Not sure why you think this thinking is limited to baby boomers considering how many far younger folks show up at my door pushing a much lower cash rate for the job they are offering to do.

There's also the younger co-workers that are working side jobs for cash that they say they aren't reporting. as well as recent immigrants who keep telling me that only Canadian income/property is taxed by Canada.


Cheers


----------



## Eclectic12 (Oct 20, 2010)

james4beach said:


> Yikes


"In 2012 CRA did the same thing to 145 servers at four restaurants in St.
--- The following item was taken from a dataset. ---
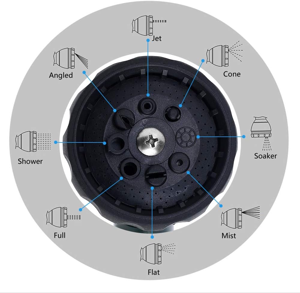 - ADJUSTABLE SPRAYER PATTERNS. GREEN MOUNT garden hose wand has 8 adjustable watering patterns: Jet, Angled, Full, Soaker, Mist, Flat, Cone and Shower. Use the 'flat' to pressure wash the debris off the patio, the 'jet' to water things across the yard, the 'soaker' to water potted plants, the 'shower' to water the lawn, the ‘mist’ to water flowerbeds and seedbeds. This spray wand does the entire garden effortlessly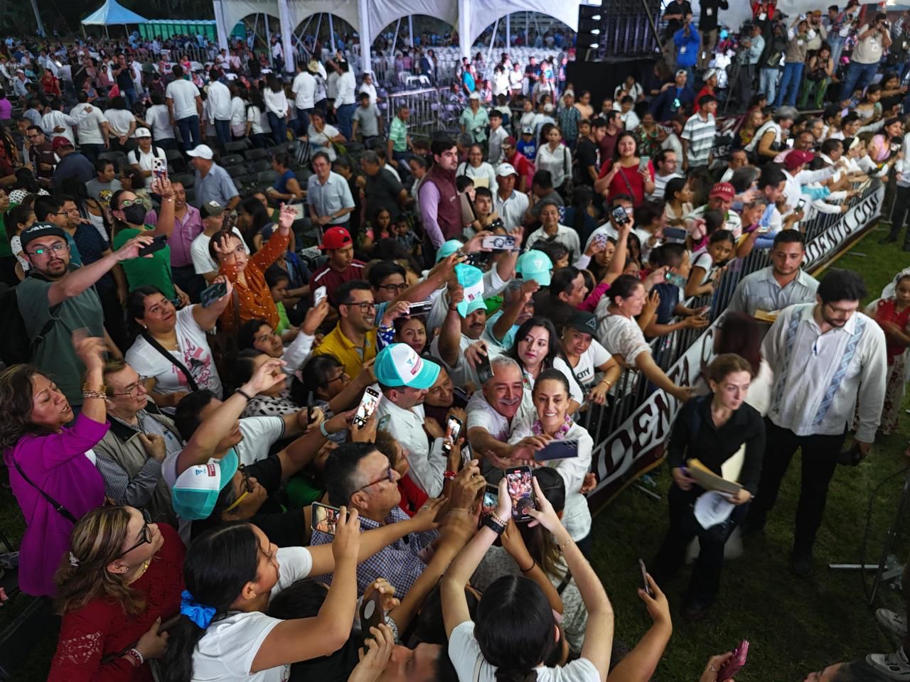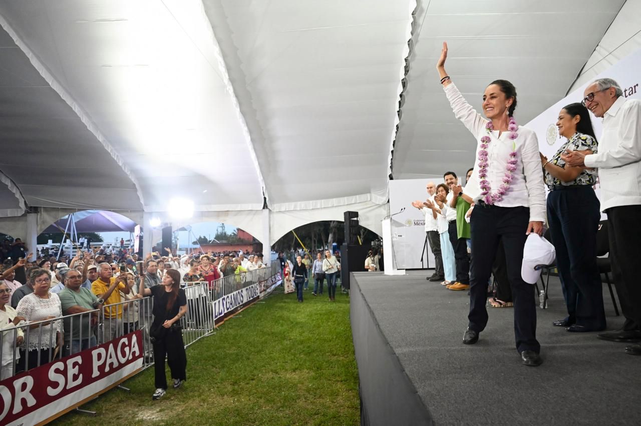 “Esto es parte de la Cuarta Transformación, que está en marcha en México, la Presidenta acude a este rinconcito de Veracruz con la gente que nos ha apoyado, que ha estado firme, gente trabajadora, gente de bien y que con mucho gusto acude aquí y voltea a Veracruz como voltea a todas partes del país”, señaló.

Catharines, Ont., and found, according to an internal report, $1.7 million in undeclared tip income—or *nearly $12,000 per server*. “The amount of unreported income was very surprising,” the report noted dryly."









Tipped Off


What a CRA crackdown on undeclared tips will mean




www.cpacanada.ca






Some servers I have talked to genuinely believe they are supposed to report a percentage based on what their "knowledgeable" friends told them. Most figure taxes are too high so what's the harm in getting a break?


Cheers


----------



## Beaver101 (Nov 14, 2011)

^ I think the current pandemic is the pay-back as who is tipping Uber, Door-Dash, SkipTheDishes, etc. drivers these days? 

Thanks for the morning laugh .. for a moment, I thought the OP was talking about Side Mussels ... mussels on the side?


----------



## Eclectic12 (Oct 20, 2010)

I'd have to use these services to have a shot at tipping. 

I'm buying direct from the restaurant where all but one is using electronic payments that CRA should have no problems getting the details for, should the numbers look low.


Cheers


----------



## mailman (Jan 12, 2014)

I have been retired for 5 years now from the post office. I was out cleaning our windows one day last spring. My neighbour saw me and asked if I would do there windows too. They are an older couple. I said sure. 

To make a long storey short. A friend of their's contacted me and all of a sudden I had a side hustle. I guess I was doing a good job. Because now I have about 15 clients plus a couple of local business's I do as well. Pay's for my golf plus a little extra for a trip when things get back to normal.

I do give receipts and declare the income. Well.. most of it.


----------



## cainvest (May 1, 2013)

james4beach said:


> This comment reflects poorly on Baby Boomers.
> 
> Makes people like me think... what an entitled generation.


It doesn't reflect poorly on baby boomers at all, it's just one person's comment.

What's scary is taking a single comment and applying it to an entire group of people for no reason.


----------



## nobleea (Oct 11, 2013)

I have a large mortgage that says I'm not retired, but have started the side hustles some time ago. I want the official retirement to be just another day while the side hustles have ramped up over time rather than looking for a step change.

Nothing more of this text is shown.